This is the first post of two from Michal who joined Full Fact for two weeks in November. You can read the second one here. He analysed subtitles from BBC Question Time. This article is cross-posted on his blog.
At the end of November 2017 I had a great opportunity to work for two weeks with the Digital Team of Full Fact. Full Fact is an independent factchecking charity located in London, UK. The Digital Team of Full Fact builds tools to facilitate this mission. In the following blog post, I will write about my activities there.
BBC Question Time dashboardification
Let me start with a little bit of background.
BBC Question Time is a popular debate TV programme, featuring prominent politicians, journalists, and other influential public figures. Every show is organised around a few “big questions” asked by the audience members, selected from a local community. The panellists discuss around the posed questions. In addition, the host, David Dimbleby, asks the audience to comment on the panellists’ viewpoints. The show is broadcast every Thursday evening. The Full Fact team of Fact Checkers produces a fact checking report from every programme, which is published on Friday, right after the show. Here is an example.
Now the idea. I would like to create a visual aid (let me call it a dashboard of the show) to help with analysis of each BBC Question Time episode. It should depict the debate around each of the “big questions” brought up by the audience members.
Luckily, BBC provides the subtitles for every show. This will be the fuel for the dashboard.
Moreover, the subtitles contain not only the transcript, but also styles indicating who actually spoke each line of text. There are four styles — S1, S2, S3, and S4. S1 is reserved for the host of the programme. S2 denotes audience member. S3 and S4 are used for the invited panellists (politicians, influential journalists, other public figures). There has to be at least two of them, because the panellist often comment on each others opinions. However, unfortunately, the styles do not allow for identification precisely which of the panellist should be attributed to every subtitle.
In this blog post, I will use the BBC Question Time episode from 2017.12.07 as an example.
The dashboard concept
The dashboard will represent a discussion after each of the “big questions” as a bar chart.
Each bar on the chart should represent piece of text spoken by one person (I will call it a turn, for the rest of this blog post). The height of the bar will be proportional to the number of words contained in a turn. For the chart not to be dominated by a few very long remarks, I will use a logarithmic scale for number of words. I will colour bars according to who actually spoke (i.e. the host, the audience, or the panellists)
OK, let us see how the above idea works in practice. To make the name “dashboard” a bit more justified I added two interactive superpowers to the bar graphs.

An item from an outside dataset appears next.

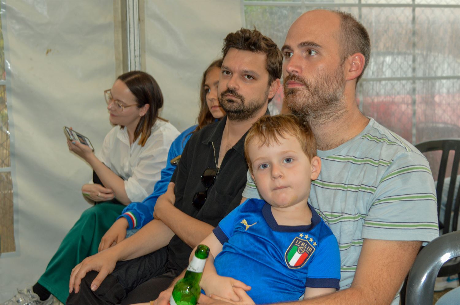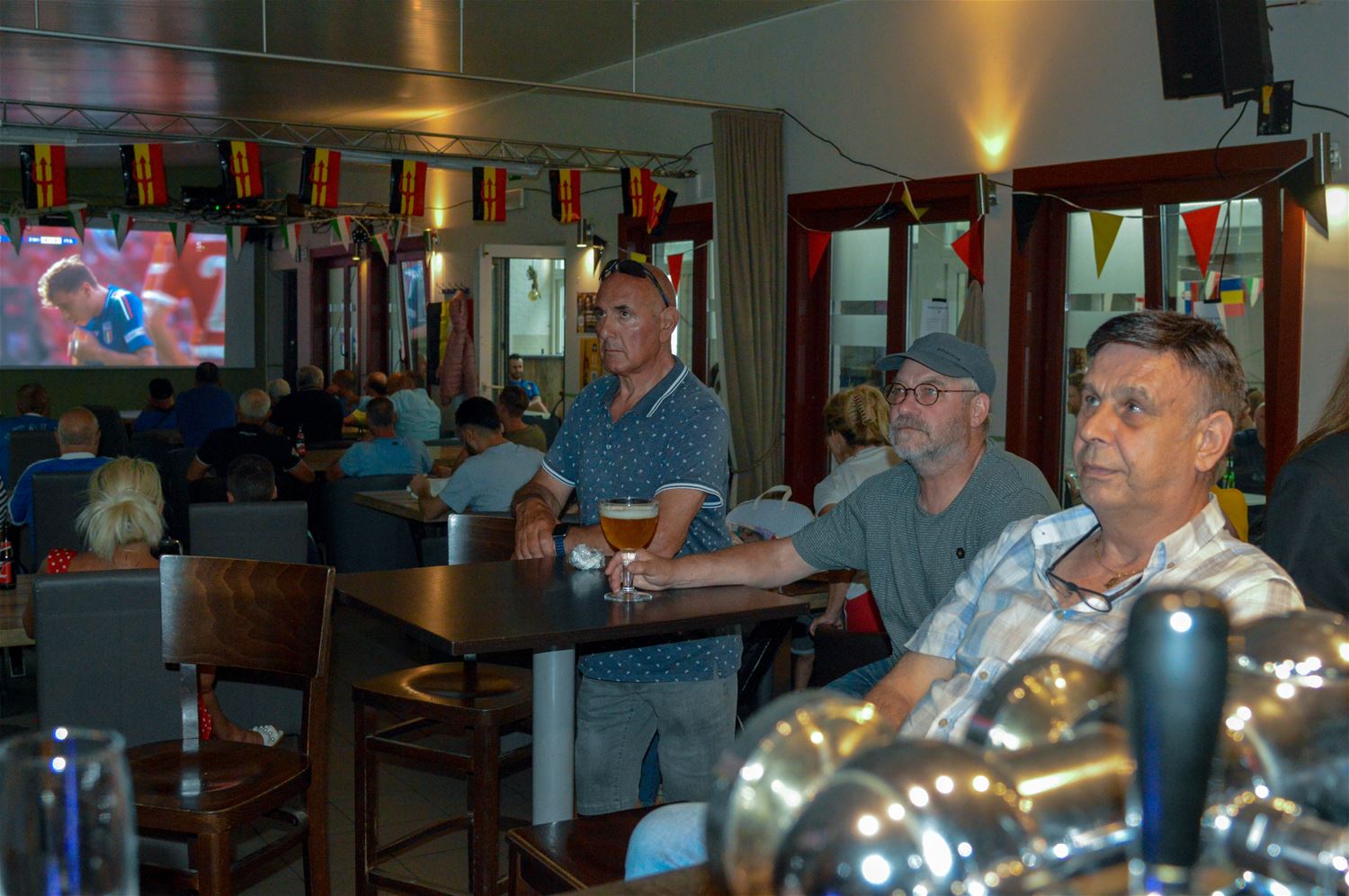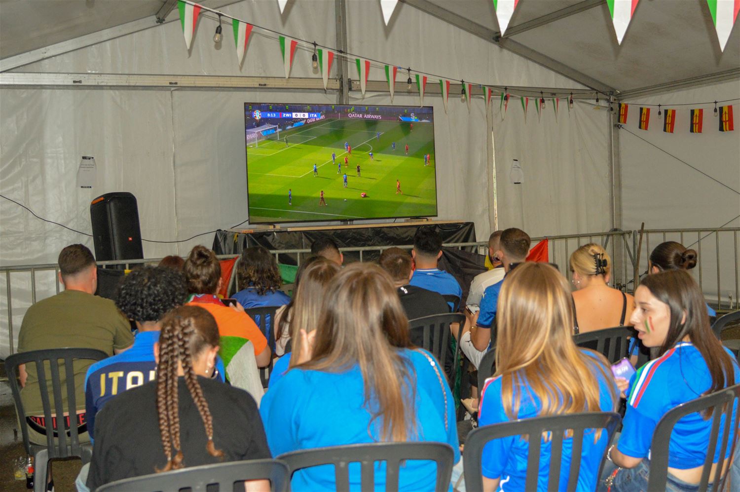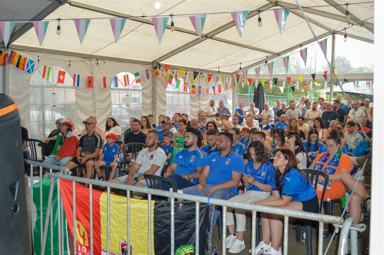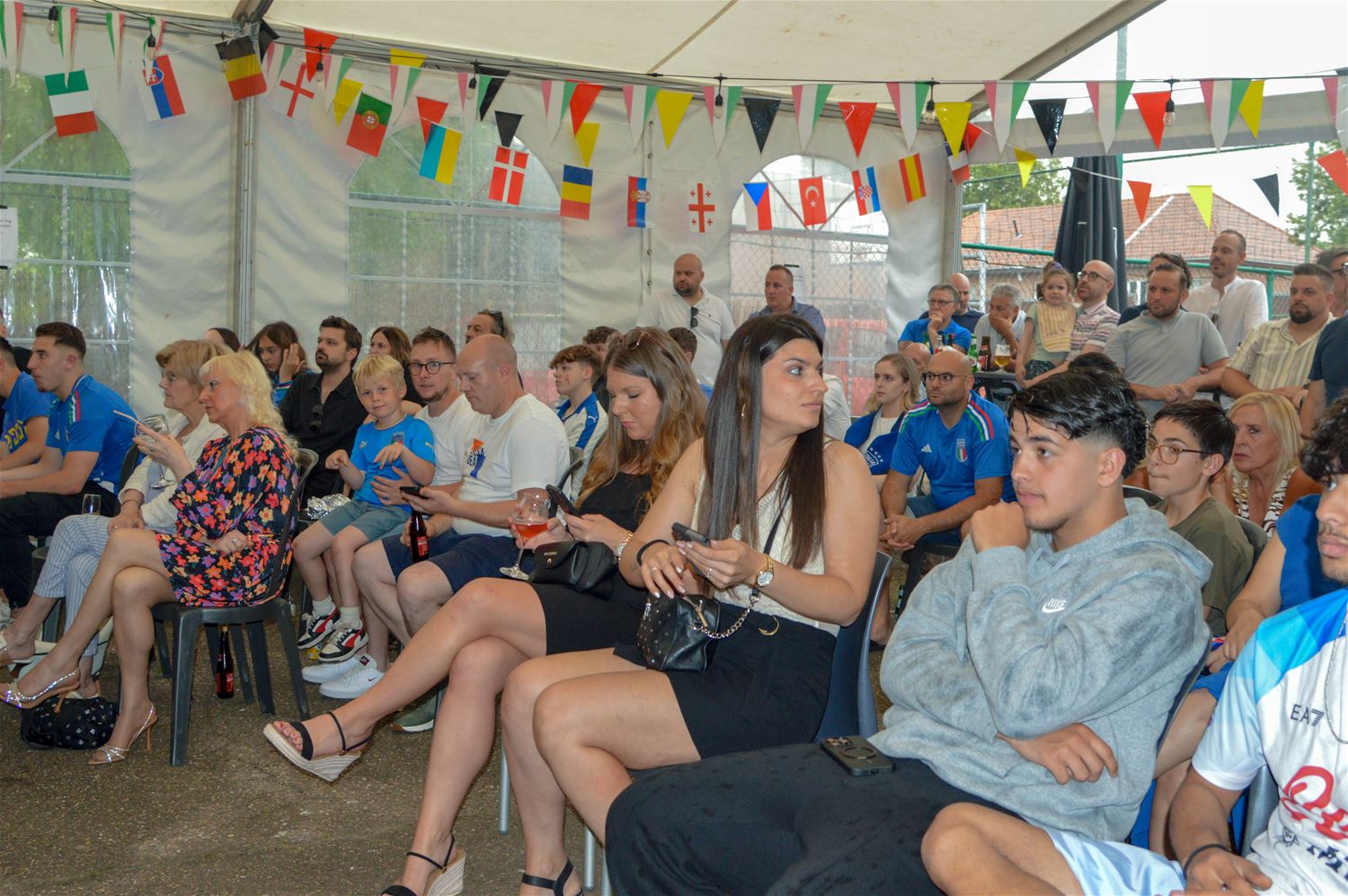 In La Baracca was alles klaar om er een groots Italiaans voetbalfeest van te maken. De drank stond koel, de arrosticini lagen op de barbecue en zowel de tent als het binnenlokaal stroomden vol tifosi in azuurblauw uitgedost. Het begon allemaal enthousiast, maar dat kwijnde stilaan weg door de passieve Italiaanse speelstijl. Het eerste Zwitserse doelpunt vormde een zware domper, maar toch werd de hoop op een terugkeer van La Squadra Azzurra nog niet opgegeven . Tot Zwitserland kort na de rust verdubbelde en elk optimisme samen met de resterende spelminuten wegkwijnde. Het eindsignaal ging gepaard met een reeks diepe zuchten, geen kwartfinale. Dan maar een glas prosecco als troost. (foto's David Amgad)81347

If you hoover over each bar, a tool-tip with the exact turn text should pop-up after a little delay. You can also click on each bar to play the video near that turn (opens in a new window). This is not very accurate, however.
So here are the “big questions” discussed on the show 2017.12.07 in a “dashboardised” form:
A closer look at the above charts reveals the following:
The bar charts are scaled to the question most discussed in the show. So you immediately see that Q1 had the most turns, whereas the Q4 had the fewest. Note that this is calculated in the number of turns, which does not always translate to time. However, in this case both measures agree.
Over each bar chart you have the statistics of turns. In all four questions the host took roughly one third of all the turns. However, notice that his points are usually very short (around 10 words). The audience also is allowed for 10–15% of turns. These are, however, longer than those of David Dimbleby.
The chart lets you easily locate the points with a discussion between the panellist without David Dimbleby interfering. Just look for orange-yellow stripes.
Of course the obtained graphs could be extended in many ways. For me the two ‘nice-to-haves’ are:
It would be great to have the turns separated in between all of the five panellists. However, this seems very difficult to handle automatically with reasonable accuracy.
To do visualisations one has to know what were the “big questions” discussed during the show. This seems easier to automate. I will be looking into that in the next post…
I thank the whole Full Fact Crew, especially the Digital Team and Lev Konstantinovskiy for the creative atmosphere and many hints during the project. I heartily recommend working with Full Fact, either as a volunteer or within any other opportunity at hand.